Srinagar: In a surprise move, the Jammu and Kashmir government removed J&K Bank chairman Parvez Ahmad, and Anti-Corruption Bureau carried out a raid at the lender’s corporate office in connection with alleged fraudulent appointments.
The government appointed the bank’s executive president R K Chibber, as an interim chairman of the lender, and defended the decision to sack Ahmad, saying it was part of long term measures for improving functioning of the bank in accordance with the RBI guidelines.
An official spokesman said keeping in view the concerns expressed in various quarters regarding the governance and functioning of the Jammu and Kashmir Bank, the government has decided to take long term measures to improve the functioning of the bank, so that it becomes a shining example of a well managed government-owned bank.
“As a first step, the Government has decided to change its nominee Director on the Board of JK Bank, Parvez Ahmed, who is also the chairman and managing director. Consequent to his replacement as a government appointed Director, the Board has taken on record cessation of Directorship of Parvez Ahmed as chairman and MD,” the spokesman said.

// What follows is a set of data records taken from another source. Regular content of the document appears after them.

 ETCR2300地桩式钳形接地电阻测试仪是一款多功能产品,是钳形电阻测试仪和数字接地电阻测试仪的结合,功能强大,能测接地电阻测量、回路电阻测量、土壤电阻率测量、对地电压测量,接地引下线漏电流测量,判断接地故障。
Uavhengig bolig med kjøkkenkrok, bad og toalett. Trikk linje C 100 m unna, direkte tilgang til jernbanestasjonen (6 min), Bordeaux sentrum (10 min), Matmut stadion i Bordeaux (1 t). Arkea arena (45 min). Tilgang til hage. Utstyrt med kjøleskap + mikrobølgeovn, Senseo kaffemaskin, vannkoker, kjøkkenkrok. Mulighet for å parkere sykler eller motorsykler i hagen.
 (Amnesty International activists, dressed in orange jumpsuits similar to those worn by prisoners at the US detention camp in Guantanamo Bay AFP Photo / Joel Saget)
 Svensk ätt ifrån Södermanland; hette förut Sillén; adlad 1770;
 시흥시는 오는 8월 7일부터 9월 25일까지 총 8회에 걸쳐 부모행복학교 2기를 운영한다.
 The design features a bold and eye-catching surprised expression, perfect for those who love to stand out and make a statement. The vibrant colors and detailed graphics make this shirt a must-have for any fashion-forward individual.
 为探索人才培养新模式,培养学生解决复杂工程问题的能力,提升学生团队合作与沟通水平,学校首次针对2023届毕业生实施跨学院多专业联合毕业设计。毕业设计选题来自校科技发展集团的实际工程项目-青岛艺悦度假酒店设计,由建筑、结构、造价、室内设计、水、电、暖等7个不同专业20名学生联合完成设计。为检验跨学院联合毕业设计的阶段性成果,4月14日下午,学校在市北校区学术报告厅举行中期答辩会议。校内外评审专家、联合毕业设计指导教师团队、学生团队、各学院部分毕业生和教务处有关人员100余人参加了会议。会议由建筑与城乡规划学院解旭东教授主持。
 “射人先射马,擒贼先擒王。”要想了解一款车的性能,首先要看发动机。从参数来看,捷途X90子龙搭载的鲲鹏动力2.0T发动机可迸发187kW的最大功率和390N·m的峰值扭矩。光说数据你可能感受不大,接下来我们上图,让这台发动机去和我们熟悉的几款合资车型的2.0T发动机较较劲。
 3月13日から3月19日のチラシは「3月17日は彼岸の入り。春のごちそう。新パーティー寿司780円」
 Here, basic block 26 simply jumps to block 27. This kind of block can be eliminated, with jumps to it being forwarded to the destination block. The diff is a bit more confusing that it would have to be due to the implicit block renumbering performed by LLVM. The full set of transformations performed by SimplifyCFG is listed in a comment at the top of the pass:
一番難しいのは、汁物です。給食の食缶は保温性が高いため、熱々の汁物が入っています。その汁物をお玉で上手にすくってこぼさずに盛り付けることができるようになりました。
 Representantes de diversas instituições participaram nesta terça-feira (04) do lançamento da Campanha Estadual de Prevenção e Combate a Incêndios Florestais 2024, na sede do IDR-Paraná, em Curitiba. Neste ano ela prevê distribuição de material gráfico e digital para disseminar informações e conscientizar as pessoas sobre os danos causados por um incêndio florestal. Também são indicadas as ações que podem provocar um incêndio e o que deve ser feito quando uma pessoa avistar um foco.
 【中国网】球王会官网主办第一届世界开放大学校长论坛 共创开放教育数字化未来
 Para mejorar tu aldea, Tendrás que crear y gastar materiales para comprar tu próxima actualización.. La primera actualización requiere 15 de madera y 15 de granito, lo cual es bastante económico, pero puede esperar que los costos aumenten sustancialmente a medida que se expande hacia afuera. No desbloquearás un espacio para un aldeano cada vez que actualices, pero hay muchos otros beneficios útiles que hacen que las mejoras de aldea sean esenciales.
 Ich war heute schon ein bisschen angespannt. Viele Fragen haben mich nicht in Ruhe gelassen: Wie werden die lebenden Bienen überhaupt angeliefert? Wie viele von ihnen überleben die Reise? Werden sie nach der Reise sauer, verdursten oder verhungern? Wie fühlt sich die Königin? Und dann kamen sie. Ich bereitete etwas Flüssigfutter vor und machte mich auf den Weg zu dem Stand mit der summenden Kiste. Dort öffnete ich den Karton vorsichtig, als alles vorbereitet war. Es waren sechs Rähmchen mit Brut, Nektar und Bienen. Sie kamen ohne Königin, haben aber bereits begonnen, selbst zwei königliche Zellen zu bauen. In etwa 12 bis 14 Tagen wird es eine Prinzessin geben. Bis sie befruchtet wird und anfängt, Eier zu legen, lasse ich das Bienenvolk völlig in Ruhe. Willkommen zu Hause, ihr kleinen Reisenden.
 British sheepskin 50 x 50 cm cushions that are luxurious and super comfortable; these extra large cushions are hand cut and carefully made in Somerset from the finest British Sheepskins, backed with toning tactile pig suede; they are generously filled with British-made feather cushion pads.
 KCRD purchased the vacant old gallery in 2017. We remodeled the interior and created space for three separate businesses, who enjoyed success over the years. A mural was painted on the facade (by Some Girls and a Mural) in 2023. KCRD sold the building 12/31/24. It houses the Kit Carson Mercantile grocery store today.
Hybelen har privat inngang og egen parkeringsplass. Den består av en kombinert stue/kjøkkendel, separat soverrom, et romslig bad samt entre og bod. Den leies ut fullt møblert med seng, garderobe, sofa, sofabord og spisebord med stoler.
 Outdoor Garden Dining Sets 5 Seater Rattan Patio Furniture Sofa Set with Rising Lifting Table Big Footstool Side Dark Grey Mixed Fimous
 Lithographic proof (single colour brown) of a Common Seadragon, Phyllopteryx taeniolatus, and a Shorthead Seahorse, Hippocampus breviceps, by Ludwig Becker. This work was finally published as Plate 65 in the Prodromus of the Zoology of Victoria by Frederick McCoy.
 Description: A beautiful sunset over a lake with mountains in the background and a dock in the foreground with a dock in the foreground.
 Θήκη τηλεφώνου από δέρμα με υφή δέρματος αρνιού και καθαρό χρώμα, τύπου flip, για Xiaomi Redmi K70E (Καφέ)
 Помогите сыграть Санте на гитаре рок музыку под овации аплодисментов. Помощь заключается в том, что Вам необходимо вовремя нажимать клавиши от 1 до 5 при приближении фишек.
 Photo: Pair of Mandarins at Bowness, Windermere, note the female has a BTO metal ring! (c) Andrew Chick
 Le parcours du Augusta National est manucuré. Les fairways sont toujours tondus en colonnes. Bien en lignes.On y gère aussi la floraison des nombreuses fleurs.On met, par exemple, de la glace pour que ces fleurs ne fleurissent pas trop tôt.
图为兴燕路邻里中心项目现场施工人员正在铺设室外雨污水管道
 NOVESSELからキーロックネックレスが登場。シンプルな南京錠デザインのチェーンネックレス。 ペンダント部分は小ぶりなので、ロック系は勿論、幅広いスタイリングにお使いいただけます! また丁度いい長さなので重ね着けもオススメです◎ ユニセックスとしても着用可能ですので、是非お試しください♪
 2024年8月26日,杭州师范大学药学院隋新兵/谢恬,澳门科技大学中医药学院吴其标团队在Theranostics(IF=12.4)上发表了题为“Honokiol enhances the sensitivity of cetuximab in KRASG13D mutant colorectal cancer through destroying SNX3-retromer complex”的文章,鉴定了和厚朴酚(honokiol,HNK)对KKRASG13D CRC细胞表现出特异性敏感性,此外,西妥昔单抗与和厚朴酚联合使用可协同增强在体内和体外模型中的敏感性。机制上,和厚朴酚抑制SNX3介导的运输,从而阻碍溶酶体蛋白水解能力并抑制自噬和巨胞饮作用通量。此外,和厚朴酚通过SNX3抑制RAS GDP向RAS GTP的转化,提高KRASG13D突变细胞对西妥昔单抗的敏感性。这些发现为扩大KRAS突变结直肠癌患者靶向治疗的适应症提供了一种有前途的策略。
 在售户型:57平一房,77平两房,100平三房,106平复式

He said the government, which owns majority stake in the bank, has appointed Chibber as the government nominee on the Board and the Board subsequently approved his appointment as an interim chairman and managing director of the bank.
“The government has also decided to constitute a search committee to identify a suitable panel of names for being appointed to the board of directors of JK Bank and subsequently for consideration as Managing Director of the Bank,” the spokesman said.
He said the JK Bank has also been directed repeatedly by the RBI to separate the positions of chairman and managing director for better governance.
“The government will be taking steps through the board of the bank for making necessary changes in its article of association/by-laws with regard to posting of a separate chairman and a managing director with adequate safeguards in the functioning of the board to ensure high levels of financial probity, financial control, better risk management and oversight. The board of directors in a meeting today (Saturday) has made necessary recommendation in this regard,” he said.